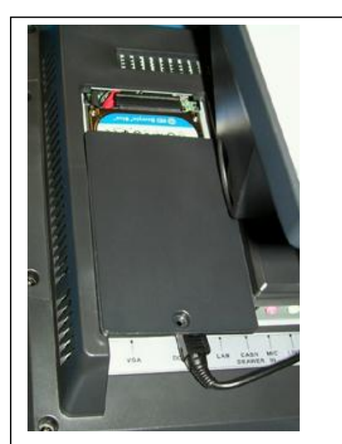
Figure 4, HDD seen under the opened door
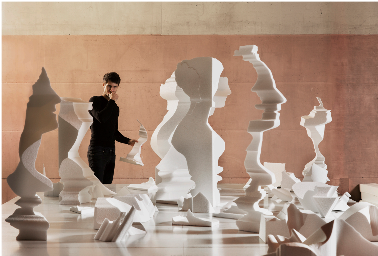
Sometimes I feel like a fire hydrant looking at a pack of dogs (Bill Clinton), Nick Hornby, 2014
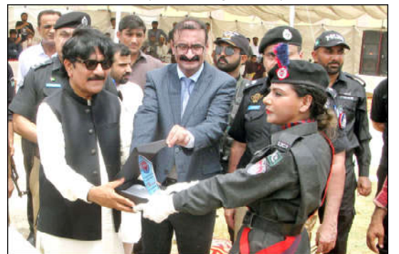
HYDERABAD: Sindh Minister for Prisons, Ali Hassan Zardari, presented shields to the position holders during the passing out parade ceremony of the 18th basic training course for prison constables and lady prison constables at the Sindh Prisons Staff Training Institute.

The IG directed to arrange a contingency plan to maintain law and order during the holy month.

*AIM OF THE EXERCISE:* Leave the pictures out, and print every line of the listing exactly as written.

*REPLY:*
Figure 4, HDD seen under the opened door
Sometimes I feel like a fire hydrant looking at a pack of dogs (Bill Clinton), Nick Hornby, 2014
HYDERABAD: Sindh Minister for Prisons, Ali Hassan Zardari, presented shields to the position holders during the passing out parade ceremony of the 18th basic training course for prison constables and lady prison constables at the Sindh Prisons Staff Training Institute.

The IG directed to arrange a contingency plan to maintain law and order during the holy month.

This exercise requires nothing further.